How many solutiond in the interval of 0 < x < 360 should you expect for the equation asin(bx+c)+d=d+a/2
A does not equal to 0 and b is a positive integer. I have cancelled the d’s and i understand the range will be from a to a-, but i dont get how to get the solution.
sin(bx+c) = 1/2
bx+c = pi/6 or 5pi/6
consider sin(x) = v for some v. It has two solutions in [0,360) because sin(x) is positive in QI and QII, and negative in QIII and QIV.
since sin(bx) has period 360/b, expect two solutions in the interval [0,360/b)
Or, 2b solutions in [0,360)
Not sure why you specify 0 < x < 360, but if so, then any solution where x=0 must be discarded.
To find the number of solutions for the equation asin(bx+c)+d=d+a/2 in the interval of 0 < x < 360, you can follow these steps:
Step 1: Simplify the equation
Start by canceling out the "d" terms.

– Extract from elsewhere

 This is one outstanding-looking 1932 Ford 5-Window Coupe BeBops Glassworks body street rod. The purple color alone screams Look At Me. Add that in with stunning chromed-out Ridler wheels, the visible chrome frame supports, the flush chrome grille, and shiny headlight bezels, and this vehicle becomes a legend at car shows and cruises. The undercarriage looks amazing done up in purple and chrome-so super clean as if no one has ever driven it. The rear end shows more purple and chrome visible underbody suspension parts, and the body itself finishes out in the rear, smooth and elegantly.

The equation becomes:
asin(bx+c) = a/2
Step 2: Isolate the sine term
Divide both sides of the equation by "a":
sin(bx+c) = 1/2a
Step 3: Determine the possible values for the sine term
Sine function values range from -1 to 1. Therefore, the possible values for the sine term (1/2a) are from -1/(2a) to 1/(2a).

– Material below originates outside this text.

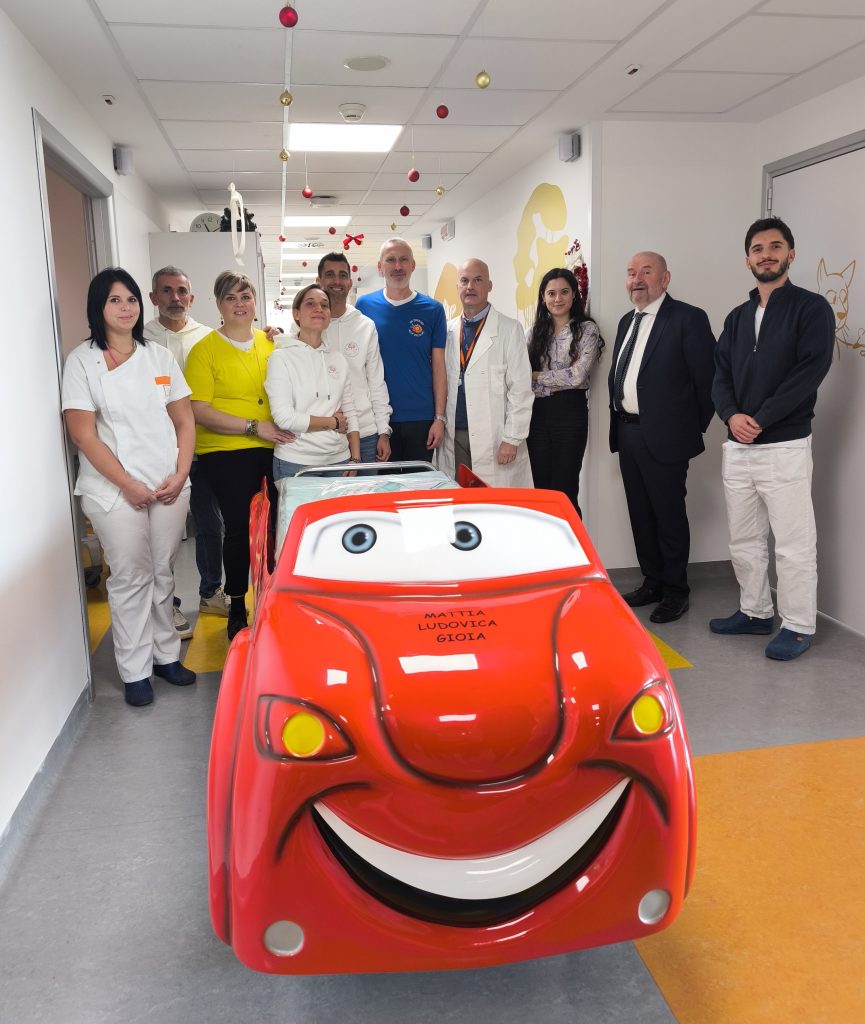 Verona, Natale in chirurgia pediatrica: la barella a forma di macchinina per i bambini.

Step 4: Determine the range for the angle (bx+c)
Since the range of the sine function is from -1 to 1, the angle (bx+c) should fall within the range of -π/2 to π/2.
Step 5: Solve for "x"
To find the number of solutions in the interval 0 < x < 360, divide the range of the angle by the positive integer "b". This will give us the number of positive solutions within the interval.
Number of solutions = (π/2 - (-π/2)) / b
= π / b
So, the number of solutions in the interval 0 < x < 360 should be approximately π / b, where "b" is a positive integer and a doesn't equal zero.